The Earth’s surface is approximately 71% water. Of that, 97%
of that water surface is made up of the oceans. While at I’m at work I only
need just a minuscule percentage of that in order to operate the boat safely.
As we have shown before, bad things happen when two vessels try to occupy the
exact same parcel of water at the exact same moment in time. It gets expense.
Something that all true professional mariners strive to avoid at all times. This
is exactly why I get so annoyed when someone wants to try to invade my
particular tiny piece of water that I already occupy.
I have a t-shirt that I made at home that says, “I hate
sailboats”. That’s all it says.
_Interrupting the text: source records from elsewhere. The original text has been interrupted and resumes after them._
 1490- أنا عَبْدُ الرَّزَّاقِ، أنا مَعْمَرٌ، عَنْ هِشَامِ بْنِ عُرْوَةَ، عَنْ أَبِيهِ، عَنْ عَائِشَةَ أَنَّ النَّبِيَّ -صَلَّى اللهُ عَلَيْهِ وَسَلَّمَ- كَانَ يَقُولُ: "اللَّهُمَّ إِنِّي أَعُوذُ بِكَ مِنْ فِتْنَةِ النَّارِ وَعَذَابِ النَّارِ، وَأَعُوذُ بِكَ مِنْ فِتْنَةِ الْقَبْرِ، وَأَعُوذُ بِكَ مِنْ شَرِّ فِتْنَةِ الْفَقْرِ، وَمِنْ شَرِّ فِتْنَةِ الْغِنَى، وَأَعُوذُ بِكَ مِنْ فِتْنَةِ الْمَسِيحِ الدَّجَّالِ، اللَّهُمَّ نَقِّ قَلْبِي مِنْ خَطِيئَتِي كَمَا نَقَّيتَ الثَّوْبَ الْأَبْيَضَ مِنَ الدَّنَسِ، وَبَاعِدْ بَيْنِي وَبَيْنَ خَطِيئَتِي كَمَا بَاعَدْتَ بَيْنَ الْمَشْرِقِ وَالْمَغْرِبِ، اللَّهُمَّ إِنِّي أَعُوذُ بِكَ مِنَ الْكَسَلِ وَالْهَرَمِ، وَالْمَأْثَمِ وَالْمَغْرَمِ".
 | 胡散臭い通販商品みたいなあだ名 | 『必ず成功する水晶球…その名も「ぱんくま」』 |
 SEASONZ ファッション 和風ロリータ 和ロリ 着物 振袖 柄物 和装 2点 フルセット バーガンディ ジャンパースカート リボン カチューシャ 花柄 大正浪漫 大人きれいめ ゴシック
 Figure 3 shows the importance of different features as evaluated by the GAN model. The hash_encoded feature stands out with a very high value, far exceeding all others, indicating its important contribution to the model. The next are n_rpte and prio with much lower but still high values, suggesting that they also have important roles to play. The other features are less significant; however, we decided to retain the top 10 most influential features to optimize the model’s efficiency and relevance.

No fancy graphics. No high tech fonts. Just a
simple statement of fact. I hate sailboats. Wearing a shirt like that also
happens to invoke random strangers at the airport to query the meaning of my
shirt. It’s a conversation starter. When I explain to them that I work on
tugboats, an almost sudden realization of the meaning hits them and all becomes
instantly clear. It is as if there is a worldwide understanding that people on
sailboats are indeed a scourge to waterways.
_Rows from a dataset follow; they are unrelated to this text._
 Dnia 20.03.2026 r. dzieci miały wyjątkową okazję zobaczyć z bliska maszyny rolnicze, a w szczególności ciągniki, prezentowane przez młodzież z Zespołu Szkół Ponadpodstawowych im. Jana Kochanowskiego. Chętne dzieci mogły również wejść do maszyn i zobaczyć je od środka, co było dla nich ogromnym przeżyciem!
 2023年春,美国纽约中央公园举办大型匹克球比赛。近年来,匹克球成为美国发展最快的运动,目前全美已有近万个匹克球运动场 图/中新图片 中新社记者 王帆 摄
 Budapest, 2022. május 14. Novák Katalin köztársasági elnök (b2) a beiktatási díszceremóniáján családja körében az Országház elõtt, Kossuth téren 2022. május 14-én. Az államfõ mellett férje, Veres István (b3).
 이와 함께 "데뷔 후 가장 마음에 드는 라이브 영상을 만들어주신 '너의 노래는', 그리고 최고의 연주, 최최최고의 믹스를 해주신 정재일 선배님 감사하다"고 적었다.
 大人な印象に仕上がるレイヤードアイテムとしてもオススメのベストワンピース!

The offending shirt. Simple. Classy. Okay, simple. |
Anyone who has ever sailed the Ocean Blue, the Deep Muddy,
the Inland Rivers, back bays, Sounds, rivers, harbors, etc. has at one point in
time come across the ever-despised WAFI. In case you weren't aware, a WAFI, is a Wind Assisted Fucking
Idiot. Not to be confused with a MAFI, a Motor Assisted Fucking Idiot. A WAFI,
in its more accepted term, is a sailboat. And I hate them.
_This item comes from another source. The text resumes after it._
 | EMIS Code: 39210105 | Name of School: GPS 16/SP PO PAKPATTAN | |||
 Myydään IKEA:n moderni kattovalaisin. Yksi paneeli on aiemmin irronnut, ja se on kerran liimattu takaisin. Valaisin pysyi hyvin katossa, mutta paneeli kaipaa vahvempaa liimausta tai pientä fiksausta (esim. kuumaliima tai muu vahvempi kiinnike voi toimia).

For some reason, sailboaters are under the impression that
the Rules of the Road just don’t apply to them. Or they are just idiots. I
happen to lean more towards the side that they happen to be ‘Stupid to the
Highest Degree (squared)’. On more than one occasion, I have had sailboats try
to cut between the tugboat and the barge that I was towing. Never mind that
there happens to be either a giant rope hawser, or a large steel wire trailing
behind the tug connecting us the barge. It is, in fact, the exact way that we
TOW a barge. No amount of sound signals,
radio calls, or brightly shining spot lights directed at the WAFI should dissuade
them to alter their course away from impend danger and/or death. The same can
be said for sailboats crossing your bow, impeding you in a confined channel, or
any other numerous situations where you just shake your head and silently ask
yourself, “Can someone really be this stupid?” The answer is ‘YES’. Yes, they
can. And if you were to survey 100 tugboaters and ask them if they had ever experienced
a similar situation, 105 of them would answer in the affirmative. It’s going to
happen. It’s a fact of life out here on the water. WAFI’s have earned their
reputation as a plague upon the nations waterways (as have most MAFI’s).
"I swear I didn't see the GIANT orange ship" |
Full disclosure: I don’t hate sailboats. A sailboat with
beautiful lines that hearkens back to a time gone past is a pleasing sight. The
quiet of being propelled by Mother Nature with the only sound being the hull
gliding through the water and the wind in your face is something to embrace.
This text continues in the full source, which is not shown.